"The Slopper" at James Coney Island
Aerial view of my Slopper burger.
Photo by Joanna O'Leary
When I first saw a picture of James Coney Island's new limited-edition burger, "The Slopper," I realized two things: 1) I had to try it. 2) Public decency laws dictate I should do so in the privacy of my own home.
The "Slopper," as its name might suggest, is very, very sloppy. As a cheeseburger covered in about two cups of chili, cheese and onions, this sandwich makes no attempt to be neat.
Sounds just like me. (At least in terms of eating.)
Those in the know will easily testify to the fact that I cannot consume any food item without spilling at least a quarter of it either on myself or on the floor. And sometimes, on very special occasions, I spill 1/4 on the floor and 1/4 on myself, thereby wasting 1/2 of my dish...yet another reason I appreciate large portions.

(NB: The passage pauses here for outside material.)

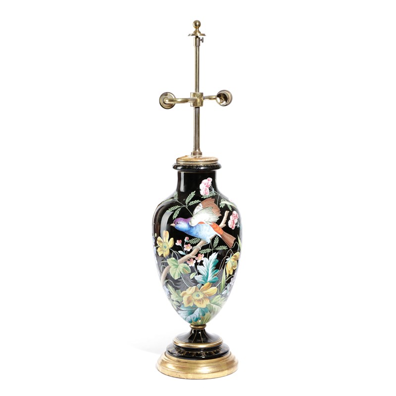 painted with an exotic bird amongst flowers on a 'clobbered' black ground with gilt and 'jewelled' highlights and giltwood base, with shade

My messiness is due neither to laziness nor to ignorance. (I assure you, my parents did try to teach me how to use a fork and knife properly.) I am simply a huge klutz when it comes to handling food and drink in the act of consumption and will spill, sprinkle, drip, etc. all over myself. Bibs help, but they need to be floor-length with long sleeves.
Looks delicious and manageable for the average person but not me.
Photo by Mark Hanna
So as not to cause permanent damage to JCI's eating area, horrify its kindly employees and embarrass myself, I had my "Slopper" to go. My excitement to try the burger, by the way, easily trumped any shame I felt in having to retreat to do so at my dining room, which I had covered in newspaper.

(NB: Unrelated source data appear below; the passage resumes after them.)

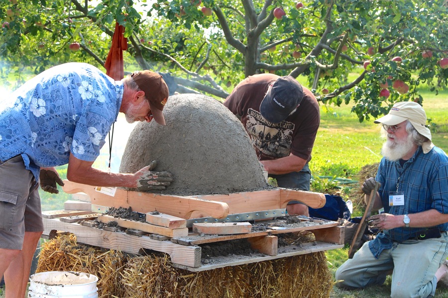 An annual event at the Grain Gathering is the building of two portable earth (mud) ovens, which are then auctioned off as a fund-raiser.
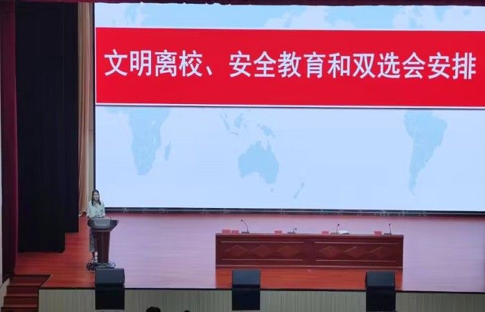 会上,杨庆颖就文明离校、安全教育和双选会安排等工作进行了安排部署。要求同学们认真准备,积极参加校院双选会,尽快落实实习单位,在离校前提交各项材料。并强调,同学们要文明离校,不破坏公共秩序、不违反校纪校规、不损坏公物、不酗酒滋事,注重离校及顶岗实习期间的人身、财产、防溺水、防电信诈骗等各类安全问题。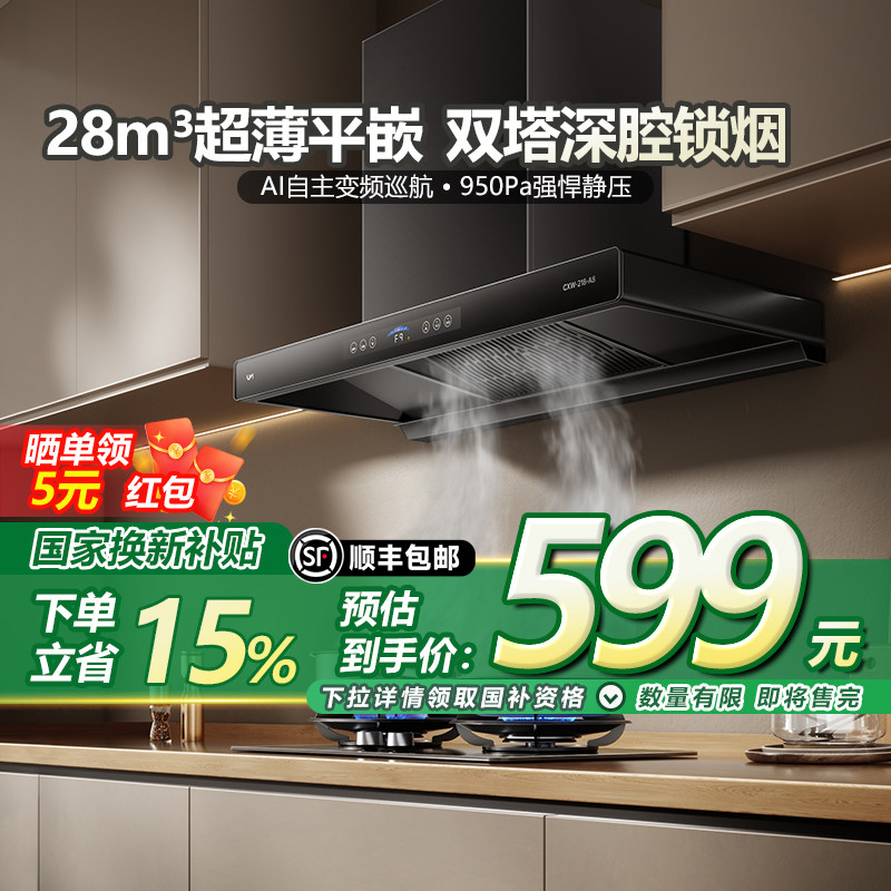【政府补贴15%】优盟变频油烟机以旧换新补贴抽油烟机大吸力49

With such precautions in place and in the company of my husband, who is very familiar, for better and for worse, with my propensity for spillage, I ate "The Slopper" with my hands. Thank God I was able to get more of it in my mouth than on my lap and hands because it was fabulous. The already juicy patty covered in melted cheddar became all the more decadent with the scoop of mildly spicy chili, readily absorbed by the fluffy white bun. Chunks of tangy white onion paired well with the feisty pepper and paprika in the sauce, while a dusting of grated cheese provided additional fatty creaminess. I probably don't need to tell you that I went through a lot of napkins in the process of eating "The Slopper." And I probably shouldn't tell you that I licked some of the napkins so as not to waste any precious burger juices.
There's little more to be desired with "The Slopper." Except maybe a fried egg.